La Gaume, à l’extrême sud de la Belgique, est une région à l’identité bien marquée, au niveau géographique, culturel, linguistique ou même… climatique! Une découverte qui s’impose d’autant plus de par sa générosité en belles routes pour moto, comme on les aime. On vous attend à Florenville, pour 160km d’évasion et de plaisir.
Si Florenville est bien située en Gaume, elle n’en est pas pour autant la «capitale», cet honneur étant échu à la bonne ville de Virton, plus au sud. Mais Florenville, facilement accessible par l’E411 (sortie n° 26 Neufchâteau) possède le mérite de constituer un «camp de base» idéal pour la boucle gaumaise, rehaussée d’une belle incursion au doux pays de France que nous vous proposons aujourd’hui. Rendez-vous était donc pris à Florenville, place Albert 1er, où il n’y a que l’embarras du choix pour s’offrir le «petit noir» traditionnel dès nos débuts de BBB. Et pour que le tableau achève d’être idéal, Tchè, notre estimé photographe, trouvera même une boucherie-charcuterie ouverte, histoire de glisser dans son sac de réservoir quelques «pipes d’Ardenne», cette délicieuse salaison que le monde entier nous envie (n’ayons pas peur des mots!) et qu’il aime avoir sous la main sur le coup de 11h, lorsqu’une mauvaise faim se rappelle à son bon souvenir!
Vers la France
Sur ces considérations gastronomico-philosophiques, il est temps d’y aller. On démarre à un rythme paisible: notre itinéraire sinue gentiment au rythme des méandres de la Semois que nous descendons jusqu’à Chassepierre, aimable localité connue pour son Festival des Arts de la Rue (chaque année au mois d’août), puis Sainte-Cécile où nous mettons la cap au sud pour gagner la France toute proche, après avoir être passé à proximité du lieu dit «Les Quatre Arbres». Messincourt, Pure et Osnes sont les premiers villages traversés en territoire français, avant d’aborder la petite ville de Carignan. À Blagny, une pompe de grande surface aux tarifs très compétitifs (comme c’est le cas partout dans l’Hexagone) me permet de faire le plein, ce que, tête en l’air, j’ai omis de faire à Florenville. Sage précaution parce que les prochains kilomètres nous feront arpenter des contrées assez peu fréquentées… De fait, très vite, le Tripy nous invite à abandonner la grosse E44/D8043 au profit de la toute petite D52 qui nous conduit à l’Ouvrage de la Ferté qui, en 1940, constituait l’extrémité ouest de la fameuse Ligne Maginot, censée protéger la France de l’agressivité hitlérienne. Les lieux sont aujourd’hui ouverts au public et animés par des bénévoles passionnés. Une visite aussi émouvante qu’intéressante.

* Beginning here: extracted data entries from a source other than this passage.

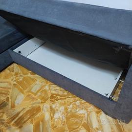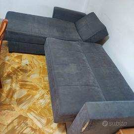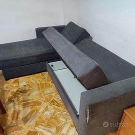 Vendo divano per inutilizzo. Divano angolare, apertura letto, con contenitore, colore grigio, tessuto scamosciato, in ottime condizioni. Tappezzeria leggermente scambiata. Braccio sinistro leggermente rovinato Lungo 230cm Alto 75cm Letto aperto 105x130 Penisola 165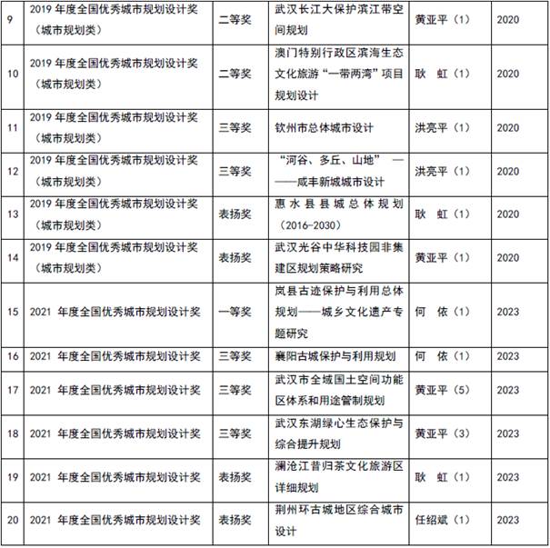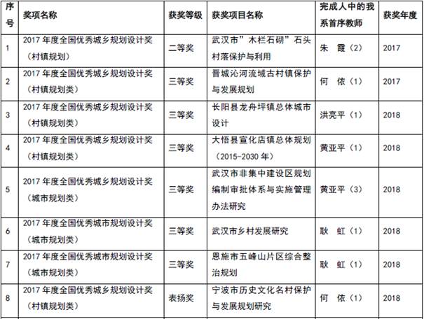 2017年以来城市规划系教师的国家级设计实践获奖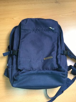 Mochila azul de tela, ideal para llevar tu ordenador portátil y otros objetos. - Compartimento principal espacioso. - Bolsillo frontal con cremallera. - Correas ajustables para los hombros. - Asa superior para colgar. - Pequeño detalle metálico en la parte frontal.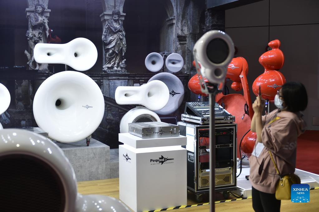A visitor takes photos at the booth of Pequod Acoustics during the 4th China International Import Expo (CIIE) in east China's Shanghai, Nov. 6, 2021. Pequod Acoustics takes part in the CIIE for the first time. The 4th CIIE kicked off on Nov. 5 and will last till Nov. 10, attracting over 3,000 businesses from 127 countries and regions. (Xinhua/Lu Peng)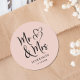 Um adesivo cor-de-rosa pincelado para sua correspondência de casamento e favoritos para festas com "Sr. & Sra." escrito em um grande roteiro e uma ilustração de dois corações se juntaram. Adicione seu nome e data do casamento.

À Margut, notre balade infléchit son cours vers le nord-est pour remonter vers l’Abbaye d’Orval. Nichée au milieu de vastes forêts, cette abbaye cistercienne dégage une impression de force et de sérénité, surtout que tout y est dans un état d’entretien et de propreté irréprochable. On ne s’étendra pas sur les qualités gustatives de la bière trappiste brassée ici qui, depuis quelques temps déjà, n’est plus disponible qu’en quantités limitées, tant l’offre est inférieure à la demande mais on rappellera qu’Orval, c’est aussi un excellent fromage, également produit sur place, ainsi que de délicieux bonbons au miel, en vente au magasin de l’abbaye… Quelques kilomètres plus loin, après être revenus en territoire français, voici que se profile devant nos yeux ébahis un village extraordinaire… Imaginez une basilique gothique plantée au milieu des prés. Voilà brossé en quelques mots le portrait d’Avioth… Arrêt vivement recommandé!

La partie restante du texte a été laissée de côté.